The present invention generally relates to semiconductor structures, and more particularly to p-type field effect transistor (p-FET) devices having a graded silicon-germanium channel region, and a method for making the same.
Complementary metal-oxide-semiconductor (CMOS) technology is commonly used for fabricating field effect transistors (FETs) as part of advanced integrated circuits (IC), such as CPUs, memory, storage devices, and the like. Depending whether the on-state current is carried by electrons or holes, the FET comes as an n-FET device or a p-FET device. The overall fabrication process may include forming a gate structure over a channel region connecting source-drain regions within a semiconductor substrate on opposite sides of the gate, typically with some vertical overlap between the gate and the source-drain region.
An alternative for continued scaling of planar FETs to the 22 nm node and beyond may include the formation of CMOS devices on extremely thin semiconductor-on-insulator (ETSOI) substrates. ETSOI FETs are fully depleted metal-oxide semiconductor field effect transistor (MOSFET) devices having a thin channel region. Currently, fin field effect transistors (FinFETs) are becoming more widely used, primarily because they may offer better performance than planar FETs at the same power budget.
FinFETs are three dimensional (3-D), fully depleted MOSFET devices having a fin structure formed from the semiconductor substrate material. The fins may extend between the device source and drain surrounding a channel region forming the bulk of the semiconductor device. The gate structure may be located over the fins covering the channel region. FinFETs architecture may allow for a more precise control of the conducting channel by the gate, significantly reducing the amount of current leakage when the device is in off state.

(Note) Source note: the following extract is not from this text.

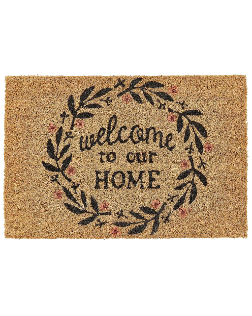 Doormat Natural Coir PVC Backing Anti-Slip 40 x 60 cm Caption Text Motif Modern Indoor Decoration Beliani

Fully depleted MOSFETs having a silicon-germanium (SiGe) channel region may be considered an effective way to improve device performance. However, SiGe channel MOSFETs including FinFETs and ETSOI FETs, usually exhibit higher current leakage. Current leakage in SiGe channel MOSFETs may be attributed to the fact that devices including a silicon-germanium channel region may have a smaller band gap than devices including a silicon channel region.